FWIW - There is large pricing gap between retail prices of individual items found on WWW and collections. Collections usually sell at wholesale prices, bought by resellers. Example - A 'lot' of dozen wooden molding planes will sell for $10-20 each, while rare wood planes will fetch $50-100, or even more for a plow, fillister, or infill plane. Condition and rarity are everything.

Cheers!


----------



## Breeze73 (Jul 14, 2016)

I would make him an offer on the whole thing… or ask what he wants for all of it. He might give you a good price to unload all of it quickly. There looks to be some nice pieces in that collection.


----------



## JohnDi (Jun 23, 2014)

I think that if there is any way possible for you to buy all of it, that's the way to go. If you get a good price for all of it, you may even break even by selling off the items that you don't want to keep.
I'm with you about not having piles of cash around for something like this, but if you do your homework On pricing you can justify to yourself and your wife  buying it all and selling some off.
Since the seller doesn't have have experience with selling items like these, make sure that if you are using Fleabay as a guide that you look at completed listings for what the items actually sold for and not what some people are asking.
Good luck!
Show us what you get!


----------



## kocgolf (Jun 8, 2012)

Believe me, if there were any way to justify the money or the finding the room to stack the boxes, I would try to take it all.

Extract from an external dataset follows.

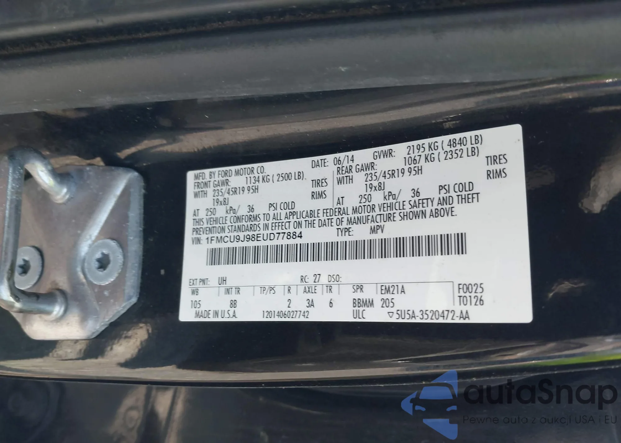 LOT: 43114498 VIN: 1FMCU9GX7EUA34327

I mean, I haven't even seen what is IN about 5 large wood tool boxes. That drives me nuts! But I do restore work to put things to USE, and I hardly have time for that and woodworking itself. The last thing I need is one more huge project in the way of actually getting to build things. Thank you for the tips and additional resources for pricing. I will definitely post pics if I actually do manage to acquire some things.


----------



## BorkWood (Apr 4, 2018)

Looks like a great collection. After you agree on purchasing the tools you want, at least try to get a deal on the tool boxes. They are difficult to ship anyways and I just have a thing for old wooden tool boxes, haha!


----------



## dhazelton (Feb 11, 2012)

He has about 12 marking scribes in that one box - there is a lot of multiples in that 'collection' that you would be spending a lot of time trying to resell. I say focus on what ever tools you think you need and procure them one at a time at yard sales this spring and summer.


----------



## JayT (May 6, 2012)

You might try posting some of the items here on LJ as individual pieces, especially those that would be good users for the hand tool crowd.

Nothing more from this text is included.